Rodriguez v. Martin Landscape Management, Inc.

Court of Appeals of Texas,

Houston (1st Dist.).

Lucio RODRIGUEZ, Appellant,


MARTIN LANDSCAPE MANAGEMENT INC. and Tommy Fleeman, et al., Appellees.

No. 01–94–00292–CV.


Aug. 25, 1994.

Attorneys & Firms

*603 Bernard Bolanos, Houston, for appellant.

Charles Stanton Perry, Houston, for appellees.

Before HEDGES, JJ.


ANDELL, Justice.

This is an appeal from a take-nothing summary judgment granted in favor of Martin Landscape Management, Inc. (MLM) and Tommy Fleeman, appellees, and against Lucio Rodriguez, appellant, based on MLM’s statutory immunity under the Texas Workers Compensation Act.1 In a sole point of error, Rodriguez contends there were unresolved fact issues about his employment status concerning (1) whether MLM was a worker’s compensation subscriber at the time of the accident, and (2) whether he had received notice that MLM was a worker’s compensation subscriber. We affirm.
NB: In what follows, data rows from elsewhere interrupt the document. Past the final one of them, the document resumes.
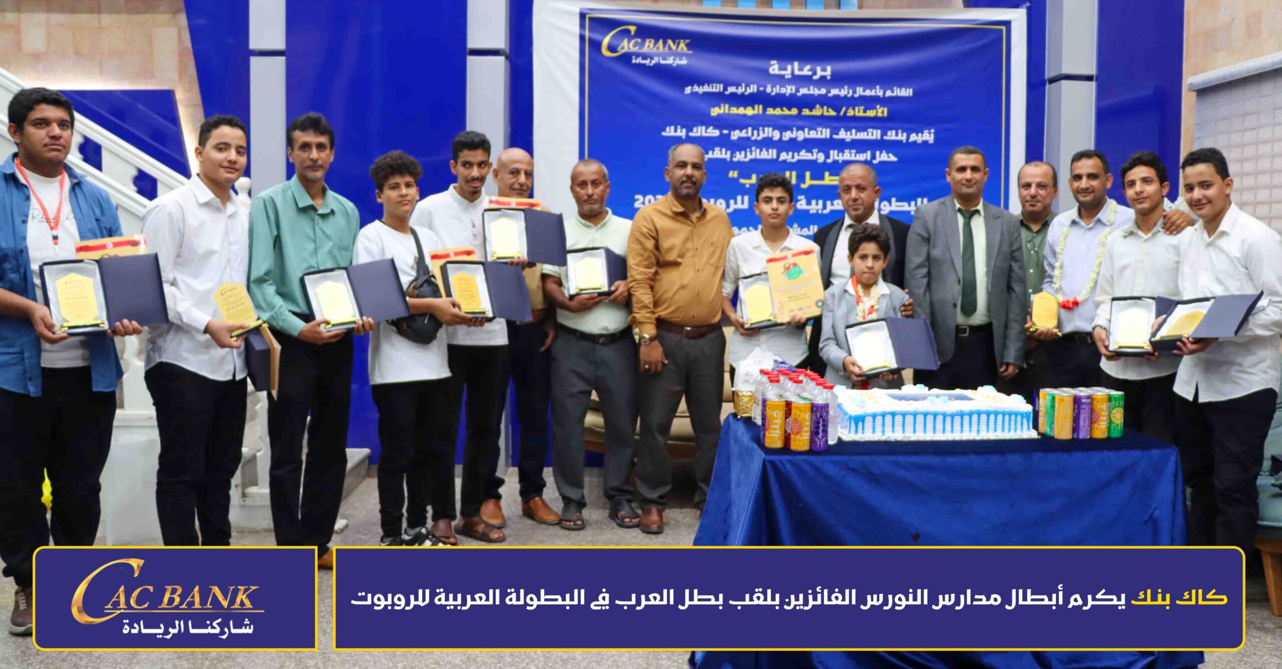 وكان بنك التسليف التعاوني والزراعي «كاك بنك» قد كرم الشهر الماضي، صاحبي المركز الثاني والثالث في البطولة العربية للروبورت، والتي توج فيها طلاب مجموعة مدارس سماء عدن والنبراس النموذجيه.
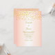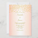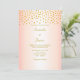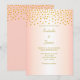 Convite de casamento com visual metálico dourado chic e confete em tons rosa dourado. A frente tem texto dourado e o verso tem dois anéis dourados. Cartões de convite de casamento elegantes em rosa dourado. Os cartões também podem ser personalizados para aniversários, graduações, nascimentos, chá de bebês e outras celebrações.
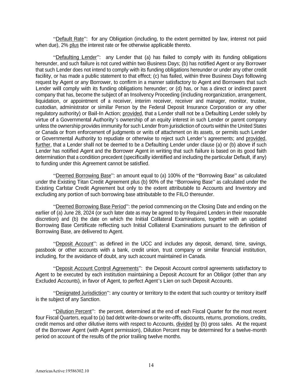 14 AmericasActive:19586302.10 “Default Rate”: for any Obligation (including, to the extent permitted by law, interest not paid when due), 2% plus the interest rate or fee otherwise applicable thereto. “Defaulting Lender”: any Lender that (a) has failed to comply with its funding obligations hereunder, and such failure is not cured within two Business Days; (b) has notified Agent or any Borrower that such Lender does not intend to comply with its funding obligations hereunder or under any other credit facility, or has made a public statement to that effect; (c) has failed, within three Business Days following request by Agent or any Borrower, to confirm in a manner satisfactory to Agent and Borrowers that such Lender will comply with its funding obligations hereunder; or (d) has, or has a direct or indirect parent company that has, become the subject of an Insolvency Proceeding (including reorganization, arrangement, liquidation, or appointment of a receiver, interim receiver, receiver and manager, monitor, trustee, custodian, administrator or similar Person by the Federal Deposit Insurance Corporation or any other regulatory authority) or Bail-In Action; provided, that a Lender shall not be a Defaulting Lender solely by virtue of a Governmental Authority’s ownership of an equity interest in such Lender or parent company unless the ownership provides immunity for such Lender from jurisdiction of courts within the United States or Canada or from enforcement of judgments or writs of attachment on its assets, or permits such Lender or Governmental Authority to repudiate or otherwise to reject such Lender’s agreements; and provided, further, that a Lender shall not be deemed to be a Defaulting Lender under clause (a) or (b) above if such Lender has notified Agent and the Borrower Agent in writing that such failure is based on its good faith determination that a condition precedent (specifically identified and including the particular Default, if any) to funding under this Agreement cannot be satisfied. “Deemed Borrowing Base”: an amount equal to (a) 100% of the “Borrowing Base” as calculated under the Existing Titan Credit Agreement plus (b) 90% of the “Borrowing Base” as calculated under the Existing Carlstar Credit Agreement but only to the extent attributable to Accounts and Inventory and excluding any portion of such borrowing base attributable to the FILO thereunder. “Deemed Borrowing Base Period”: the period commencing on the Closing Date and ending on the earlier of (a) June 28, 2024 (or such later date as may be agreed to by Required Lenders in their reasonable discretion) and (b) the date on which the Initial Collateral Examinations, together with an updated Borrowing Base Certificate reflecting such Initial Collateral Examinations pursuant to the definition of Borrowing Base, are delivered to Agent. “Deposit Account”: as defined in the UCC and includes any deposit, demand, time, savings, passbook or other accounts with a bank, credit union, trust company or similar financial institution, including, for the avoidance of doubt, any such account maintained in Canada. “Deposit Account Control Agreements”: the Deposit Account control agreements satisfactory to Agent to be executed by each institution maintaining a Deposit Account for an Obligor (other than any Excluded Accounts), in favor of Agent, to perfect Agent’s Lien on such Deposit Accounts. “Designated Jurisdiction”: any country or territory to the extent that such country or territory itself is the subject of any Sanction. “Dilution Percent”: the percent, determined at the end of each Fiscal Quarter for the most recent four Fiscal Quarters, equal to (a) bad debt write-downs or write-offs, discounts, returns, promotions, credits, credit memos and other dilutive items with respect to Accounts, divided by (b) gross sales. At the request of the Borrower Agent (with Agent permission), Dilution Percent may be determined for a twelve-month period on account of the results of the prior trailing twelve months.
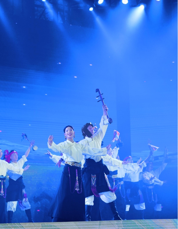 玉樹擁有豐(feng) 富多樣的非物質文化遺產(chan) ,於(yu) 2017年設立了國家級藏族文化(玉樹)生態保護實驗區,這一舉(ju) 措不僅(jin) 強化了對藏族文化的保護,也促進了當地文化的傳(chuan) 承與(yu) 發展。此次展演由開篇、第一章生命之源、第二章文化之魂、第三章五彩的三江源、尾聲五個(ge) 部分組成,玉樹州民族歌舞團精心挑選了玉樹伊舞、熱巴舞、藏族民歌等具有玉樹代表性的13個(ge) 節目進行了展示。
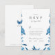 Bröllop OSA för blommigt av blå och vit vattenfärg Kort
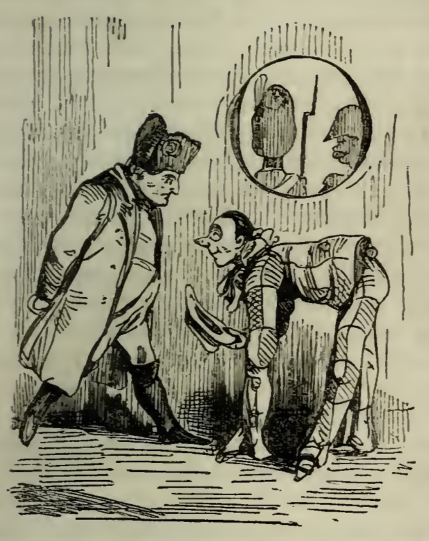 - A jester in a checkered suit with a large ruff, holding his hat in his hand, bows deeply to a man in military uniform. A window, through which the heads of two soldiers can be seen, forms the letter O from Our.
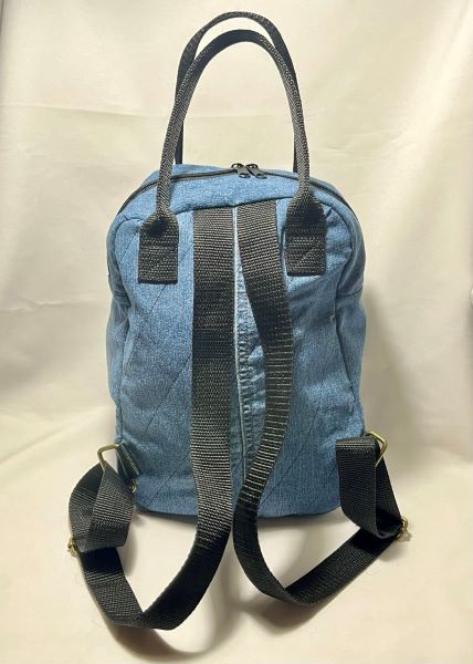 Fabricada a partir de jeans en desuso y retazos de telas nuevas, esta mochila artesanal es un accesorio sostenible que ayuda a reducir residuos textiles mientras te acompaña en tu rutina diaria.
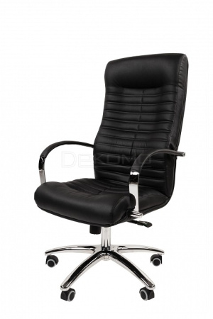 Стильное, необычное кресло руководителя. Его горизонтальный геометрический рисунок эффектно оттеняется хромированными элементами конструкции, а высокая эргономика достигается за счет анатомической формы и механизма качания повышенной комфортности.
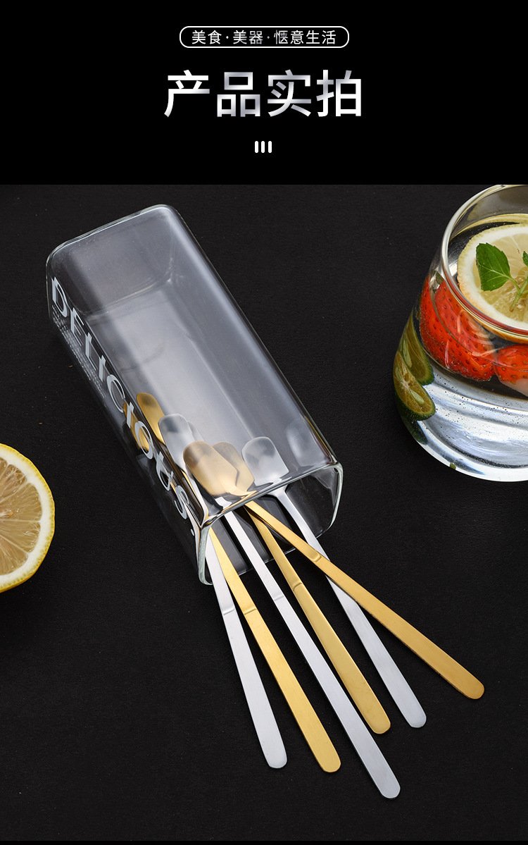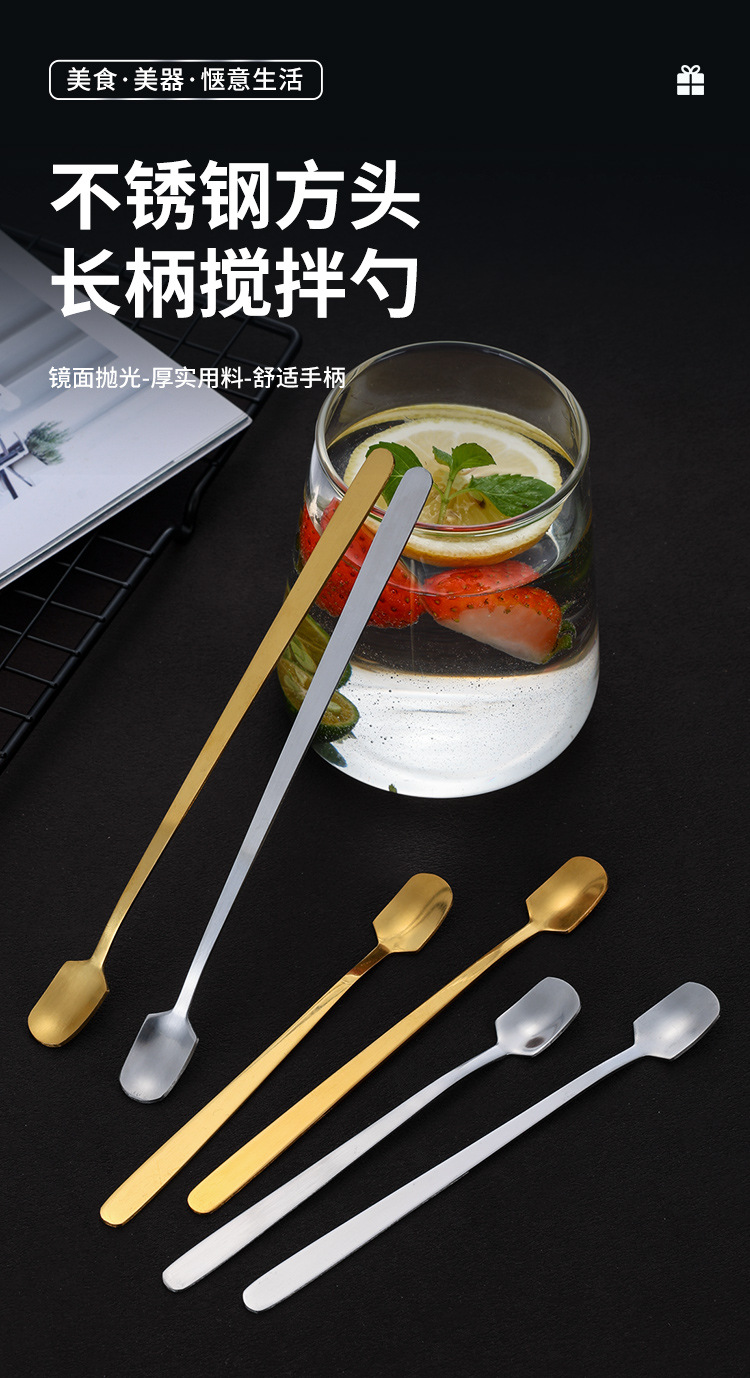 스테인레스 스틸 스푼 골든 스퀘어 스푼 아이스 스푼 약 스푼 긴 핸들 커피 스푼 유리 혼합 숟가락 공장 직접 판매스토어 가기

Facts and Procedural History

Rodriguez worked for Staftex, Inc., an employment services company, and was assigned to a job with MLM. While on that job, he was injured in a vehicle accident on a Houston freeway on June 4, 1991. Rodriguez was riding in the bed of a pick-up truck pulling a trailer and driven by coworker Fleeman.2 Rodriguez alleged that Fleeman lost control of the vehicle and that the truck and trailer hit the guard rail twice, injuring Rodriguez’s lower back.3 Rodriguez received workers compensation benefits from Staftex.
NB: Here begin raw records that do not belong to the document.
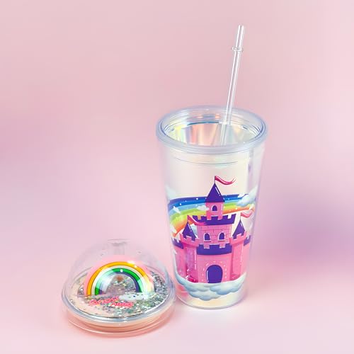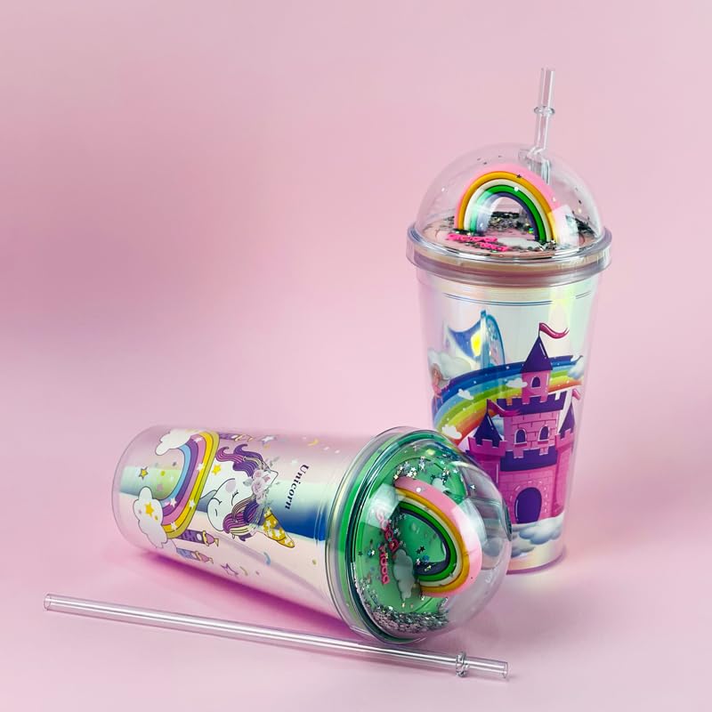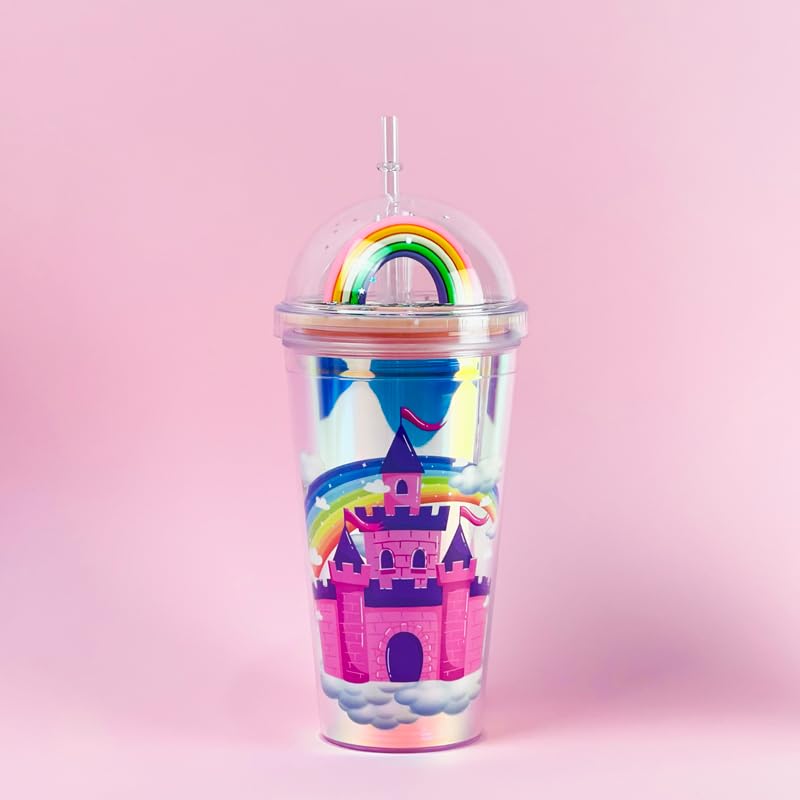 - تصميم مميز: كوب مع غطاء قبة قوس قزح وتصميم قلعة الأميرات الساحر، مثالي للأطفال والمناسبات الخاصة
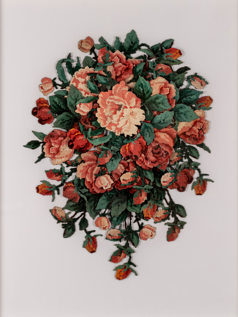 Roser, Hand cut and collaged flooring salvage, wood, paint, glue, 26 1/2” x 20”, 2019; Push, Hand cut and collaged flooring salvage, wood, paint, glue, 10 3/8” x 13 5/8”, 2019; both images courtesy of the artist.
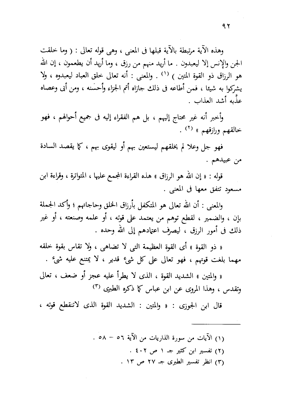 و {الْمَتِينُ} الشديد القوة، الذي لا يطرأ عليه عجز أو ضعف، تعالى وتقدس، وهذا المروي عن ابن عباس كما ذكره الطبري (¬3) .
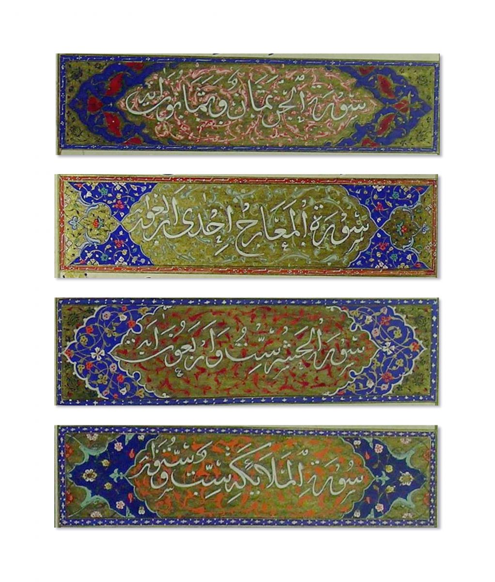 وقد أُطِّرتِ الأوراقُ بإطارٍ ذهبيٍّ ثخين، وكُتبت أسماءُ السّور وعددُ آياتها على رأس كلِّ سورة بكتيبة مزخرفة بزخرفات مختلفة بين كلِّ كتيبةٍ وأخرى ملونة بالذَّهب والزُّرقة ومؤطَّرة بالحُمرة.

Rodriguez later filed this common-law negligence claim against both MLM and Fleeman. In their motion for summary judgment, MLM and Fleeman asserted that the claim was barred by the “borrowed servant” doctrine. MLM and Fleeman contended that Rodriguez was MLM’s borrowed servant under the contract with Staftex, and that the compensation benefits Rodriguez had already received discharged MLM from liability to Rodriguez. Therefore, MLM and Fleeman concluded that they were entitled to statutory immunity under the Texas Worker’s Compensation Act. See, e.g., Sparger v. Worley Hosp., Inc., 547 S.W.2d 582, 583 (Tex.1977) (recognizing that the “borrowed servant” doctrine protects the employer who has the right of control over the details of employee’s work).

In his response, Rodriguez attached a counter-affidavit to controvert MLM’s proof, in which he asserted the following:

My initial contract was with Stafftex [sic], Inc. In turn, Stafftex [sic], Inc. contracted with MARTIN LANDSCAPE MANAGEMENT, INC.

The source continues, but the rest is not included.